# LawStory AI — Judgment PDF to Multi-Scene Explainer Video (Text-Based Prototype)

**Primary Goal:** Automatically convert a **court judgment PDF** into a short **multi-scene explainer video** (white text on black background) without manual editing.  
**Submitted version:** Works end-to-end **without audio** (multi-scene video generation).  
**Audio version (in progress):** Planned voiceover using **ElevenLabs** and asset handling via **Cloudinary**.

---


## 1. Problem Definition & Objective

### a. Selected project track
**AI + Automation (LLM + Video Rendering Pipeline)**  
This project is built under the AI + Automation track, combining LLM-based legal understanding with an automated video rendering pipeline. The system takes a **judgment PDF as the only input**, extracts key legal information, and converts it into a structured multi-scene explainer video. The process is designed to work without manual editing, manual scriptwriting, or manual video creation.

### b. Clear problem statement
Legal judgments are long, technical, and difficult to consume quickly. Even with access to the judgment PDF, it takes significant time and effort to identify the **facts, legal issues, arguments from both sides, and the final reasoning of the court**. The problem solved here is: **how to automatically convert a judgment PDF into an easy-to-consume, structured multi-scene video without manual intervention.** Without such a system, users must spend hours reading or depend on inconsistent external summaries.

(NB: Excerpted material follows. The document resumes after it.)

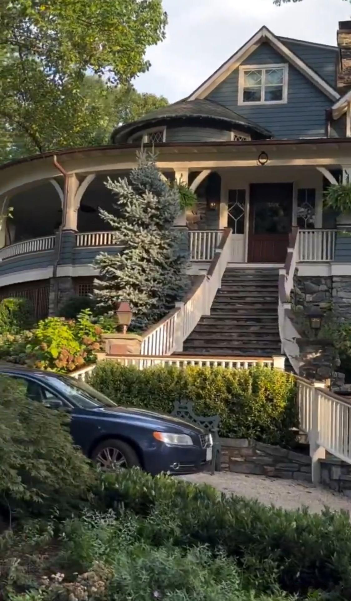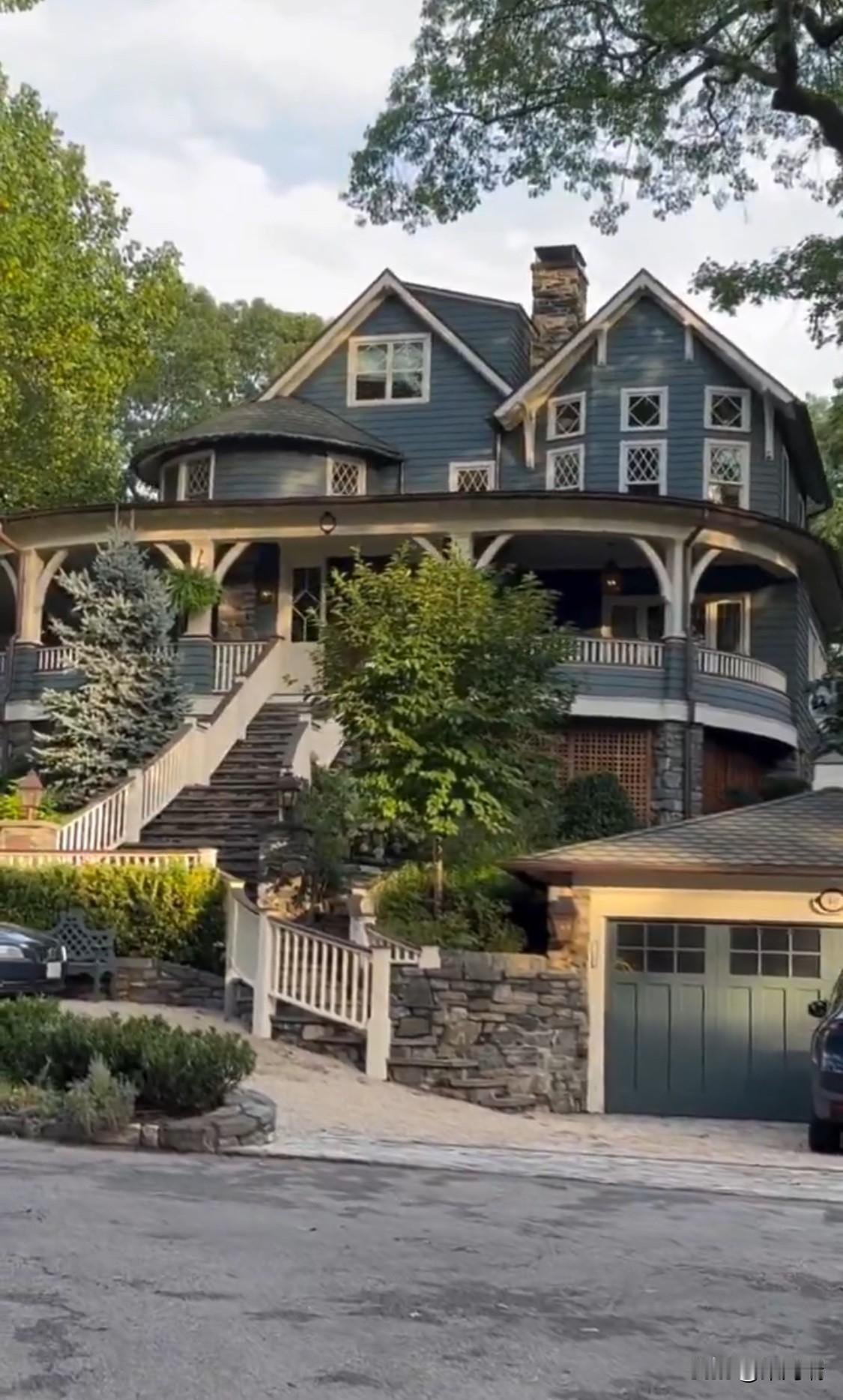 这栋位于纽约州布朗克斯维尔(Bronxville, New York)的壮观住宅以其独特的环绕式门廊和多层次的景观而闻名。 这座房子位于布朗克斯维尔的劳伦斯公园(Lawrence Park)历史街区,坐落在一个小山丘上。 它是一栋历史悠久的维多利亚风格或木瓦风格(Shingle Style)住宅,由建筑师威廉·贝茨(William Bates)设计。它建于1902年,最初是乔治·阿姆斯特朗·卡斯特将军(General George Armstrong Custer)的遗孀伊丽莎白·卡斯特(Elizabeth Custer)的住所。 该住宅最引人注目的特点是其俯瞰村庄的环绕式阳台和门廊,以及通往正门的一长串台阶。

### c. Real-world relevance and motivation
- Law students and common people struggle to understand judgments quickly due to complex language, length, and formatting.  
- Lawyers, educators, and legal creators need short explainers for education, awareness, and simplified case-law learning.  
- Manual summarization + video editing is slow and not scalable.  
- This pipeline makes legal content more accessible by converting a judgment into a structured explainer format consumable in minutes.  

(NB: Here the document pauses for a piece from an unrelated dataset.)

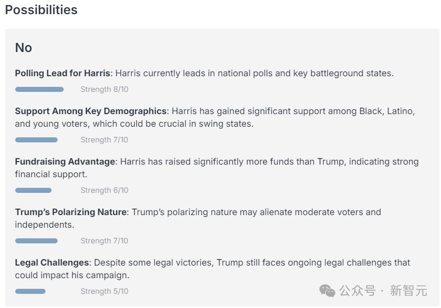 反面的论据也有5个,同样现实且有力,包括Harris民意调查领先、筹款优势和关键人群的支持,以及Trump本人的极化倾向和法律挑战。

This project addresses a gap not effectively solved by traditional reading, short notes, or generic summaries and can power **LawStory AI** as a product feature.

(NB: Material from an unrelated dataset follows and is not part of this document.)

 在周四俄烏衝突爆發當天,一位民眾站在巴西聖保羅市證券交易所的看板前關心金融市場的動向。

## 2. Data Understanding & Preparation

### a. Dataset source (public / synthetic / collected / API)
This project does not use a fixed traditional dataset (like CSVs). It uses **live real-world input** in the form of **judgment PDFs**, including:
- Collected / user-provided judgment PDF documents  
- Extracted text generated from those PDFs through Make.com scenario processing  

So the “data” is unstructured legal text extracted from actual court judgments.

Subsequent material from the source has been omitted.